*** Material for this task ***
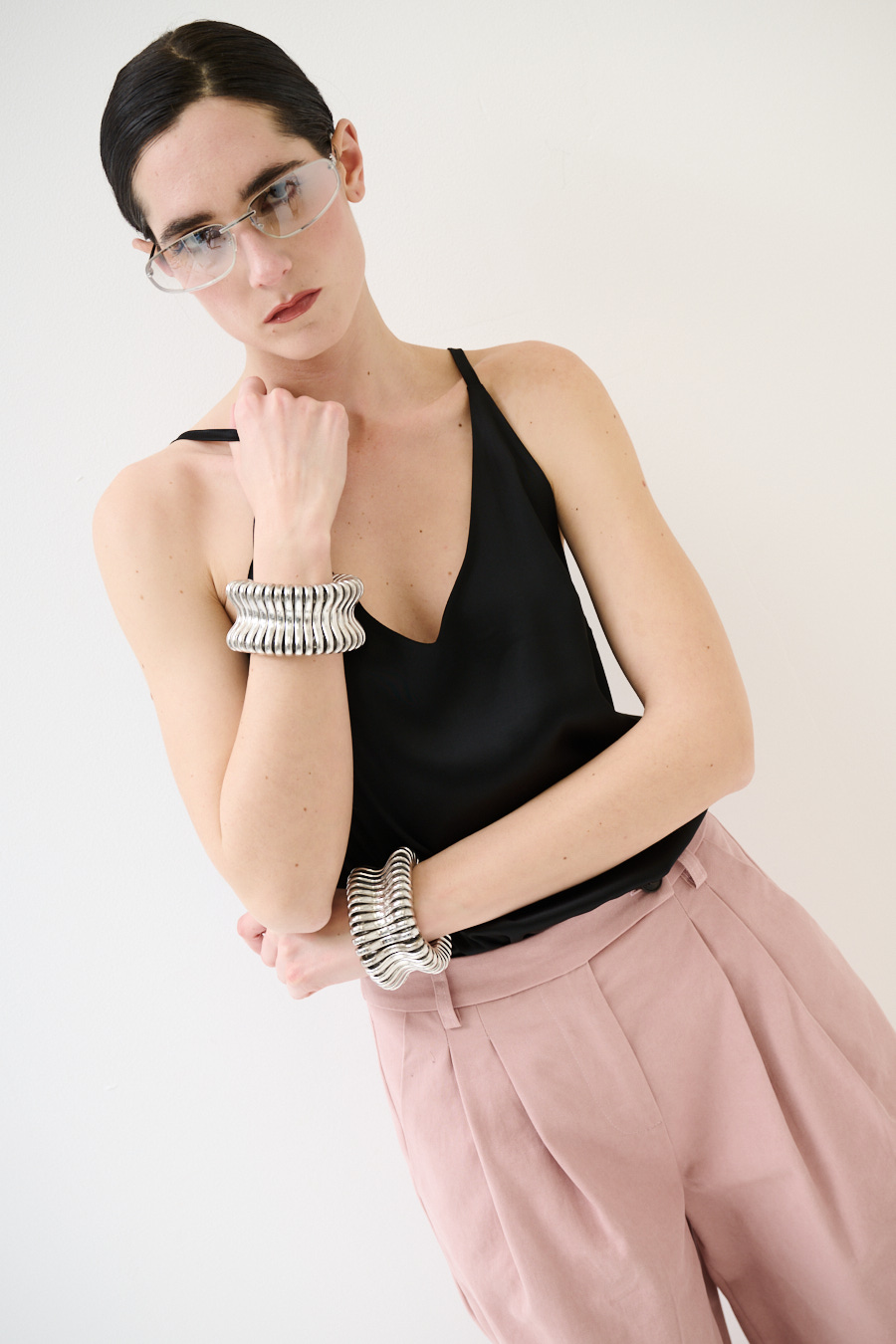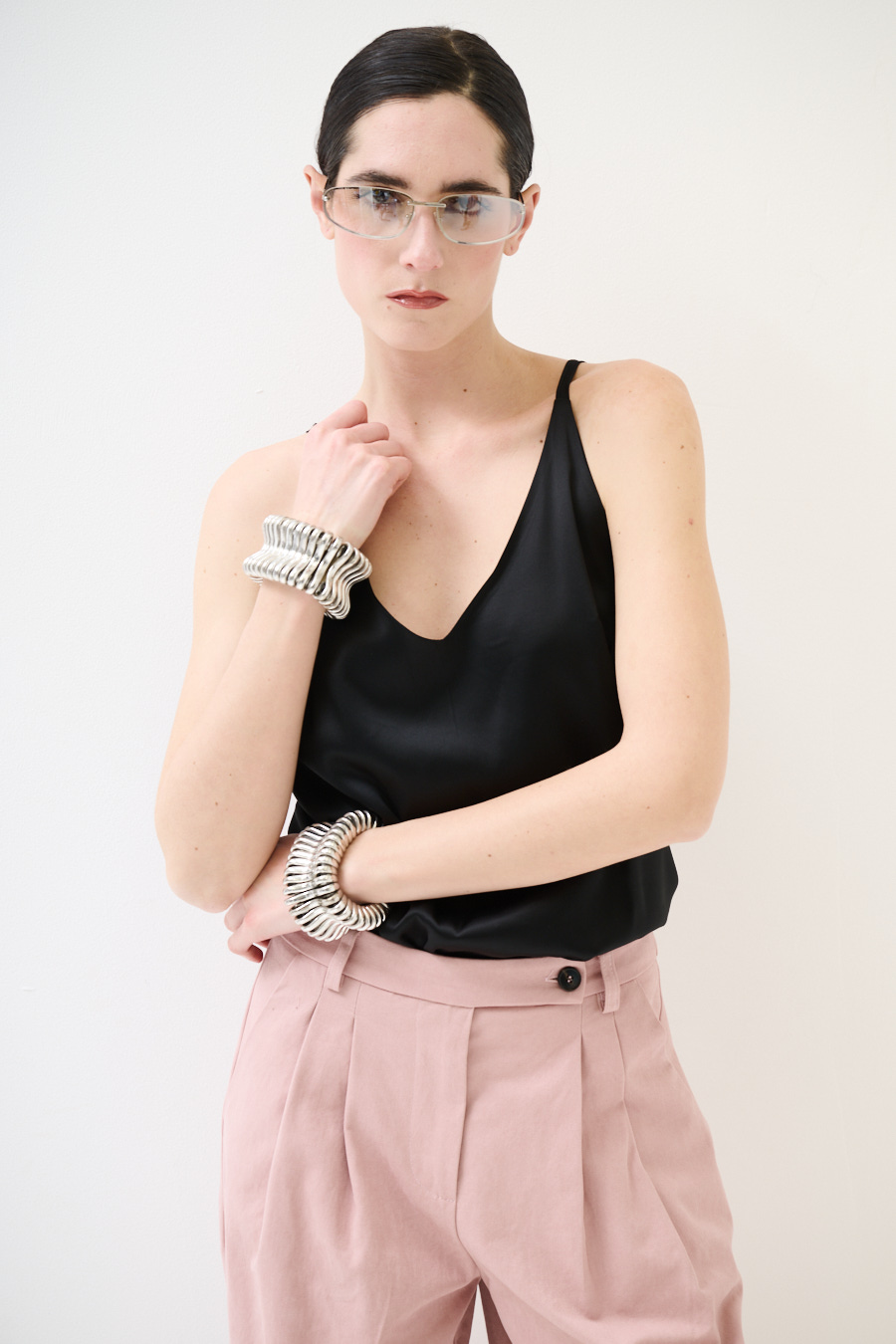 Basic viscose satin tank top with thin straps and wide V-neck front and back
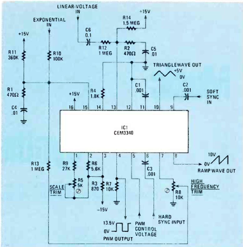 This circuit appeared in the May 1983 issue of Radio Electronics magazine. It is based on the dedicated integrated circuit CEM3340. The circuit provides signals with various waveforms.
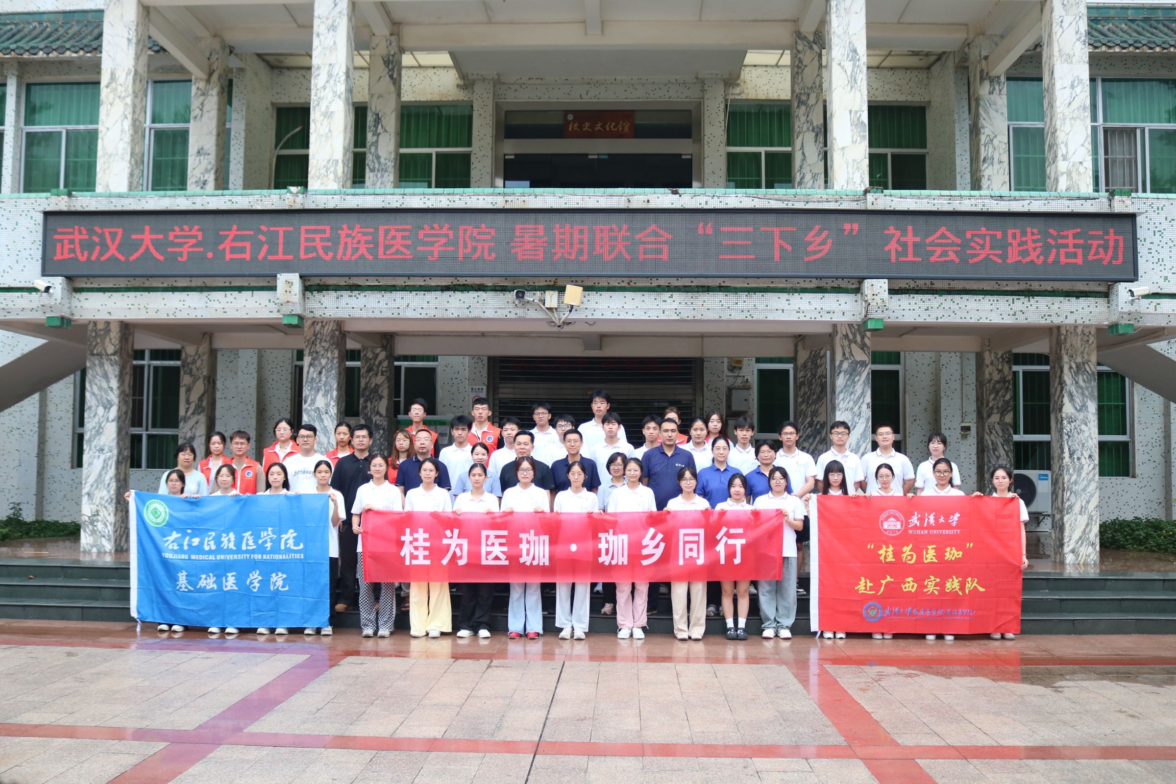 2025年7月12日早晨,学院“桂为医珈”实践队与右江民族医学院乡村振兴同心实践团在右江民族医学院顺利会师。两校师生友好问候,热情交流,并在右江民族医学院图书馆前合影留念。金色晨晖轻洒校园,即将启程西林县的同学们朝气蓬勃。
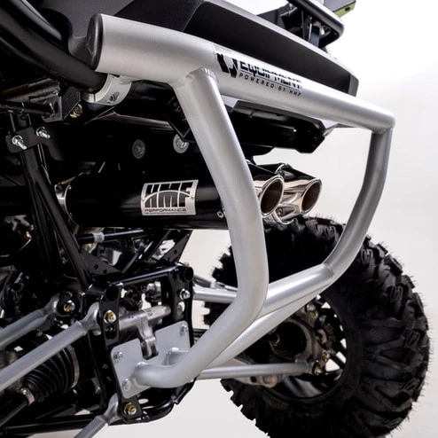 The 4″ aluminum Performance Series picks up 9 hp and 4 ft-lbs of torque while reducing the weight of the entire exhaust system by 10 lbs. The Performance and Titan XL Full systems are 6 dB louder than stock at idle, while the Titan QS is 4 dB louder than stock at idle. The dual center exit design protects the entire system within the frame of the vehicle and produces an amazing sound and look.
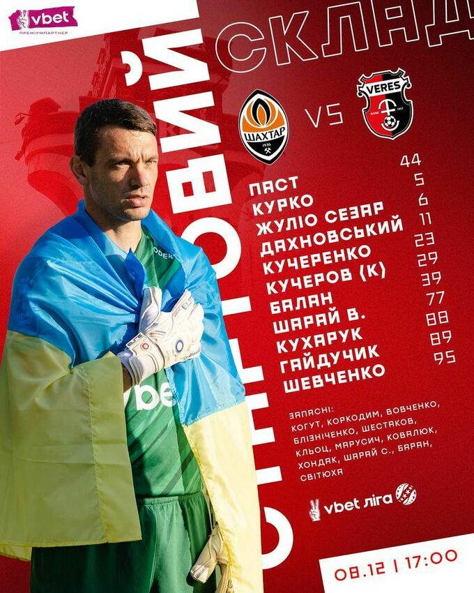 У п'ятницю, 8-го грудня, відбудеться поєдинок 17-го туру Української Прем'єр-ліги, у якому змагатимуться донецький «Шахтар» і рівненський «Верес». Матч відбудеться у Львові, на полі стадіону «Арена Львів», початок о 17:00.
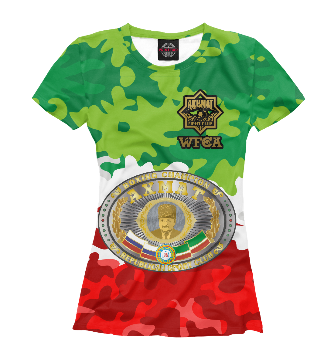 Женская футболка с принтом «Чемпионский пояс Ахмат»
*** End of Material for this task ***
» What to do
All of the data gets printed again exactly; the pictures do not.

» Response below
 Basic viscose satin tank top with thin straps and wide V-neck front and back
 This circuit appeared in the May 1983 issue of Radio Electronics magazine. It is based on the dedicated integrated circuit CEM3340. The circuit provides signals with various waveforms.
 2025年7月12日早晨,学院“桂为医珈”实践队与右江民族医学院乡村振兴同心实践团在右江民族医学院顺利会师。两校师生友好问候,热情交流,并在右江民族医学院图书馆前合影留念。金色晨晖轻洒校园,即将启程西林县的同学们朝气蓬勃。
 The 4″ aluminum Performance Series picks up 9 hp and 4 ft-lbs of torque while reducing the weight of the entire exhaust system by 10 lbs. The Performance and Titan XL Full systems are 6 dB louder than stock at idle, while the Titan QS is 4 dB louder than stock at idle. The dual center exit design protects the entire system within the frame of the vehicle and produces an amazing sound and look.
 У п'ятницю, 8-го грудня, відбудеться поєдинок 17-го туру Української Прем'єр-ліги, у якому змагатимуться донецький «Шахтар» і рівненський «Верес». Матч відбудеться у Львові, на полі стадіону «Арена Львів», початок о 17:00.
 Женская футболка с принтом «Чемпионский пояс Ахмат»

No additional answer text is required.